Advertisement

City shut down, was that god who came to town?

Saturday July 25 2015

The city shut down. Companies told their employees to stay home. Half the city’s arteries closed. Taxi drivers bemoaned the lack of business.

The new surveillance cameras peering down on those city arteries had nothing to capture their imagination except the awful billboards showing the beaming faces of the Kenyan president and his American counterpart.

Behind the seeming calm, however, was a fervour of excitement. Those Kenyan private sector superstars speaking at the Global Entrepreneurship Summit all had their day in the limelight.

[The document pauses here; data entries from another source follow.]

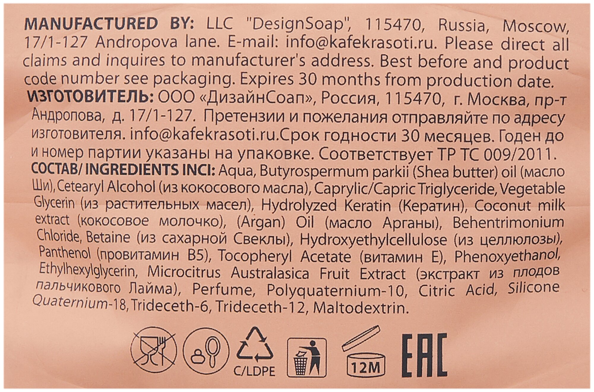 | Состав | aqua, butyrospermum parkii (shea butter) oi, argania spinosa (argan) oil, cetearyl аlcohol (из кокосового масла), caprylic/capric triglyceride, vegetable glycerin, hydrolyzed keratin, coconut milk extract, behentrimonium chloride, betaine, hydroxyethylcellulose, panthenol, tocopheryl acetate, phenoxyethanol, ethylhexylglycerin, microcitrus australasica fruit extract, perfume, polyquaternium-10, citric acid, silicone quaternium-18, trideceth-6, trideceth-12, maltodextrin. |
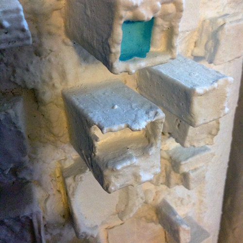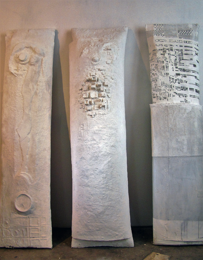 Nuevamente, Machado recurre en su obra al cemento, material que ha trabajado durante los últimos años para plasmar con ellos paisajes y formas petrificadas, vistas desde el espacio, como reliquias de un pasado destruido. Igualmente, moldea el alambre de hierro galvanizado y los interviene con color, mostrando un meticuloso trabajo que sorprende por su detalle y evoca la era digital en la que vivimos.
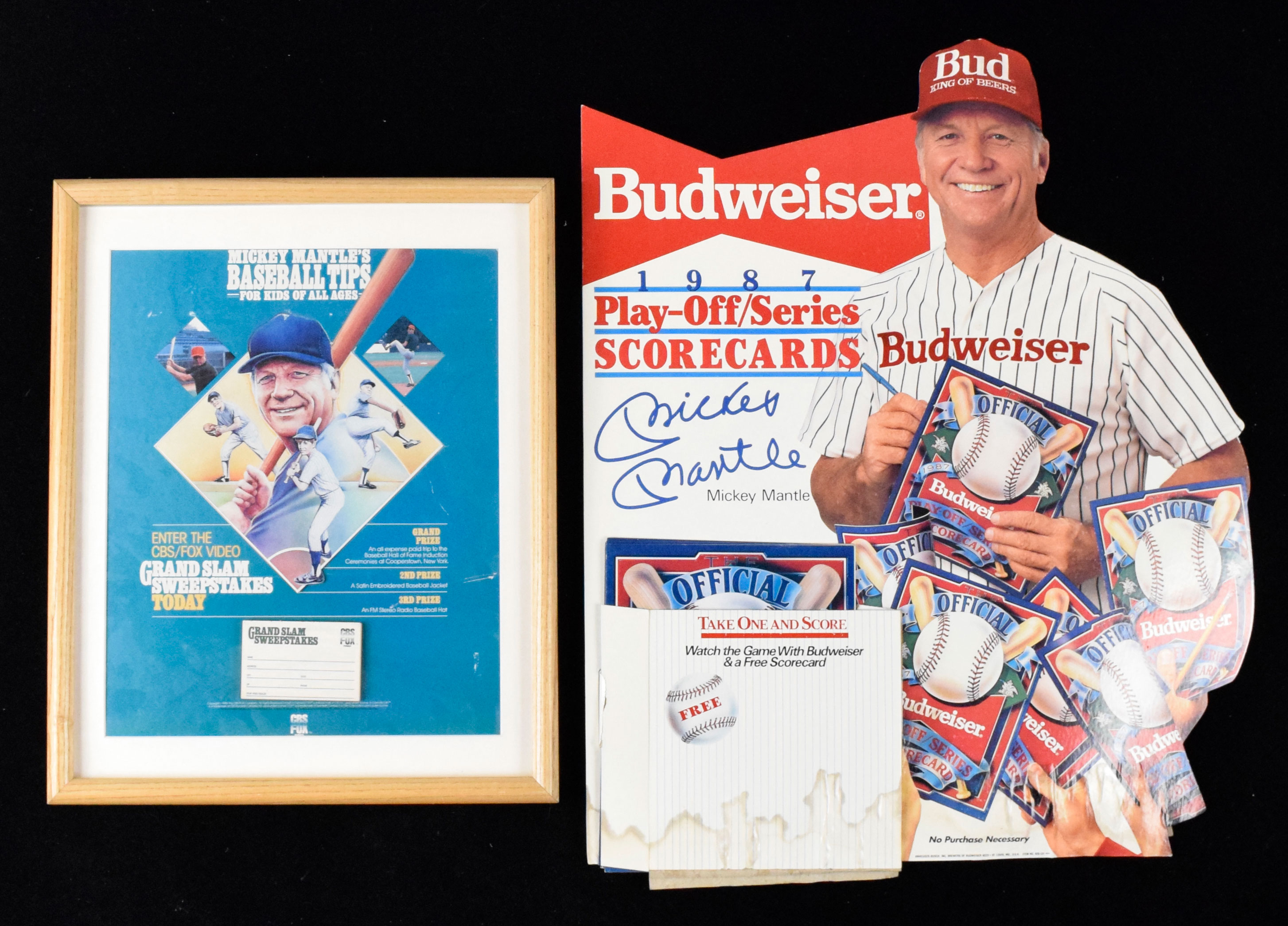 Description:Lot of (2) 1986-1987 Mickey Mantle advertising display pieces (PR-EX). Lot includes a CBS/Fox Video Grand Slam Sweepstakes display (framed to 17"x21") with original sweepstakes coupons as part of a promotion for the 1986 "Mickey Mantle's Baseball Tips for Kids of All Ages" video. The piece, framed to 17"x21," exhibits a few minor scratches on the front and appears EX, but complete condition is unknown due to framing. Also included is a 1987 Budweiser Mickey Mantle Playoff/Series Scorecard display with 4 intact scorecards in the pocket. Piece, measuring 29"x24," includes foldout stand on the back. The piece is intact but has suffered water damage that affects roughly its bottom third as well as the foldout stand on the back. There is also a small spot of writing on the stand: PR.
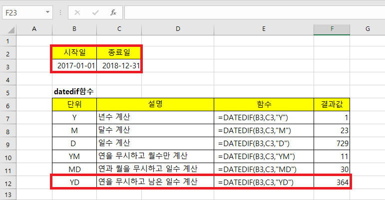 함수는 =DATEDIF(B3,C3,"YD"). 결과값은 364입니다.

How are Africans making money? How can others help them make more? Those discussions eclipsed, unfortunately, by the discontent that followed the release of Obama’s plans.

Parliamentarians were annoyed he wouldn’t address them from the floor of the House but comforted themselves that they were still on the “in” list given their receipt of invitations to the “public” address at Kasarani.

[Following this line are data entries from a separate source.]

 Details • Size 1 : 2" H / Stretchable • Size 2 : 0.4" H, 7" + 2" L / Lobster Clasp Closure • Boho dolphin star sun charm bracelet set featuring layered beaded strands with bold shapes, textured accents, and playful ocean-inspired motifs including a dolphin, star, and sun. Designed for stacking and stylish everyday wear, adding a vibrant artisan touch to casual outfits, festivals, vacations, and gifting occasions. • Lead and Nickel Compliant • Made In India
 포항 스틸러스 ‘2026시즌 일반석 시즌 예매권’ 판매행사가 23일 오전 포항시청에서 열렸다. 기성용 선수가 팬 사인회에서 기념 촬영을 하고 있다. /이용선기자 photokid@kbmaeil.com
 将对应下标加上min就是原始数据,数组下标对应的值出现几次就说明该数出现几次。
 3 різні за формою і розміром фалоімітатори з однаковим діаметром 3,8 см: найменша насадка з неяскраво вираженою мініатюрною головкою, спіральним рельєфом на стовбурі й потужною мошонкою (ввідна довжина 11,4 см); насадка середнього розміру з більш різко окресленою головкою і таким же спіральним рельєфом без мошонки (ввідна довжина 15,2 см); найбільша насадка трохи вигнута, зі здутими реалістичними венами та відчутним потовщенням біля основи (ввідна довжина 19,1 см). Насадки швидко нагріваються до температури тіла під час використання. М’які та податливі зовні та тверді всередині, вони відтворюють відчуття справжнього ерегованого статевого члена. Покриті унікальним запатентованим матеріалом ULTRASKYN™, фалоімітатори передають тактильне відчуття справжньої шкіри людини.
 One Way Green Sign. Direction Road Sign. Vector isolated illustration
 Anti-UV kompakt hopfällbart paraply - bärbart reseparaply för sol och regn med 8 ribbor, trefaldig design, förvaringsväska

Then the discovery that obtaining the formal invitations for the “public” address meant trekking across to Kasarani — on the very day the main city arteries were closed — IDs and passports in hand. Some made the decision then and there — the man is not a god, we can watch on television.

Advertisement

Meanwhile, another controversy raged over invitations to the State House dinner. Those deemed Jubilant detractors — however illustrious—were immediately tossed off the list.

Civil society went into a huff. The LSK invitee posted his invitation on social media, confirming his belonging to the “in” crowd. The still-besieged Haki Afrika and Muslims for Human Rights admitted when asked that they’d be going. Good.

A gesture towards American acknowledgement of two civil society concerns — shrinking civic space and human rights in the context of counter-terrorism. Those not on the list went ballistic.

Civil society letters circulated. What everybody wants raised by or with the American president. The new and slick authoritarianism. The counterproductive attempts to get to grips with our insecurity. And so on.

The “government’s non-governmental organisations” hit back. Its social media trolls (unusually) forced to project American-Kenyan “reconciliation,” it fell to the GONGOs to counter every single issue that (serious) civil society raised. Nobody really listened.

It was all a bit farcical. A sad illustration of how little power we have in the global scheme of things.

Flip the script and imagine Washington DC’s roads shut down for the arrival of a Kenyan president. Or Kenyan security personnel taking over for the duration. Or said Kenyan president inviting the Congress and Senate to hear her speak at an American football stadium. Or receiving petitions from Americans about American problems that Americans want the Kenyan president to make her counterpart address.

Sad. About us. About power. No wonder some Kenyans (the wet blankets) finally decided to take off and enjoy the weekend far from the madding crowd. Pretending we do have agency and power. Knowing our little illusions will be able to reassert themselves on Monday.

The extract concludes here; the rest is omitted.